The Metadata information of containers within each account or individual accounts is handled by the account layer. The information collected will be stored in SQLite databases by the account server.
The Metadata information of a list of objects within container or container metadata is handled by the container layer. The metadata of the list of objects will have only provides details of to which container it belongs not the location of the object. The information of the container is stored as SQLite accounts.
This layer is responsible for the actual storage of the objects. The objects are stored in the form of binary files on the drive in the path of the associated partition with a timestamp. The timestamp is important as it allows the user to store different versions of the same object. The metadata of the object is stored in the extended attribute (xattrs) of the file. The data and metadata are copied as a single unit and stored together.
OpenStack Swift offers a platform to manage all the containers across various operating environments to build, deploy and scale-in scale-out also reduces the processing time. It supports redundancy so that data when lost can be retrieved from other copies stored in a different geographical location. The below section elaborates the working principles of OpenStack Swift.
The data is stored in the form of binary objects on the underlying file system. Each object stored will have its metadata stored along with data as a part of extended attributes. OpenStack Swift has proxy server and storage nodes. The proxy server implements a REST API for the transmission of reading and writes requests between the storage nodes and clients.
The clients can retrieve and store data using the commands such as GET and PUT via HTTP protocol. The proxy server locates the data using the metadata information. Swift supports deletion and replication of coding across the nodes. An extra copy of every object is stored in a unique location arranged by region, zone, server, and drive.
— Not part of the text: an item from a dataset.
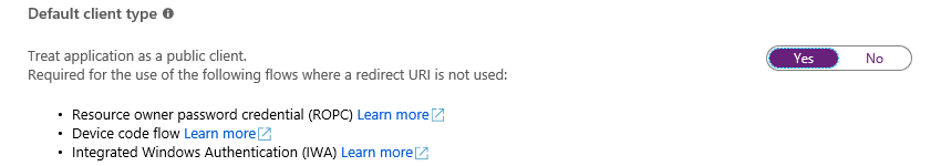 The Public Client setting allows the Migrate server to authenticate programmatically to Azure when it uses the Azure APIs.
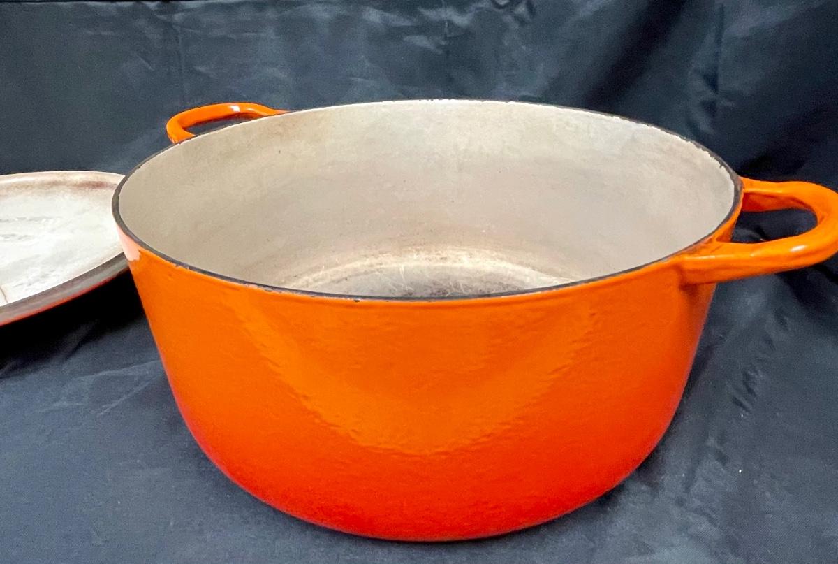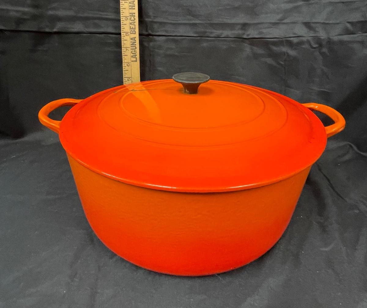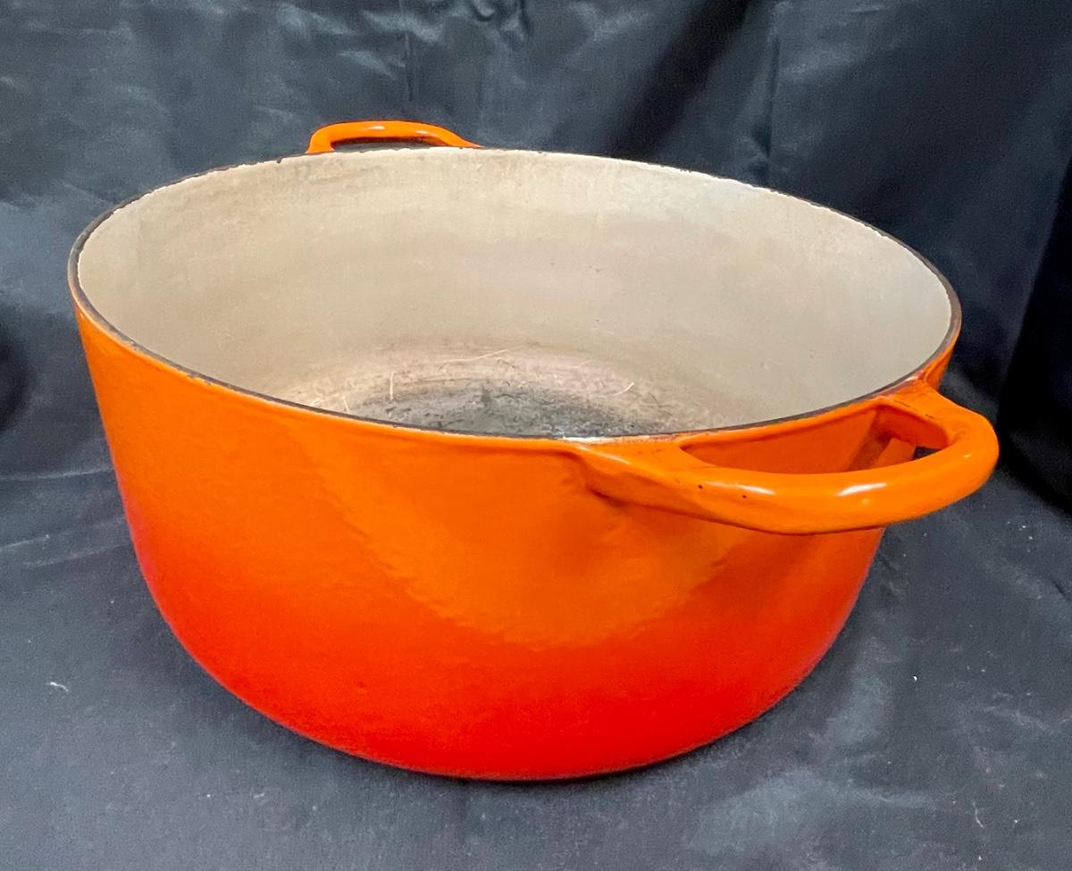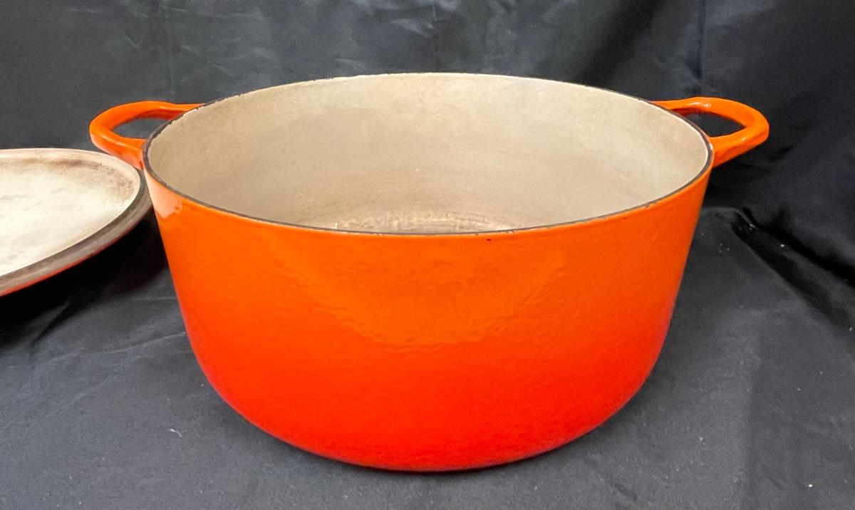 Vintage Flame Orange La Creuset Large Dutch Oven Lidded Double Handle Pot

Suppose the object has been deleted due to hardware or server fails, the replication of content from another location will be transferred to a new location in the cluster.
To map the object storage data with the server partitions, Swift uses a ring. Each service (account, object, and container) will have a separate ring. All the rings are constructed and managed by the Ring Builder. The Ring Builder also assigns partitions to storage devices and also stores the configuration information in the storage nodes.
OpenStack Swift uses eventual consistency (the value for a specific object will remain consistent across all the nodes in the cluster at a given time) that provides high availability and high scalability. The proxy servers provide access to the recently available data, even if some server nodes are not available in the cluster.
The diagram below shows all the services offered by SwiftStack and how they interact among themselves.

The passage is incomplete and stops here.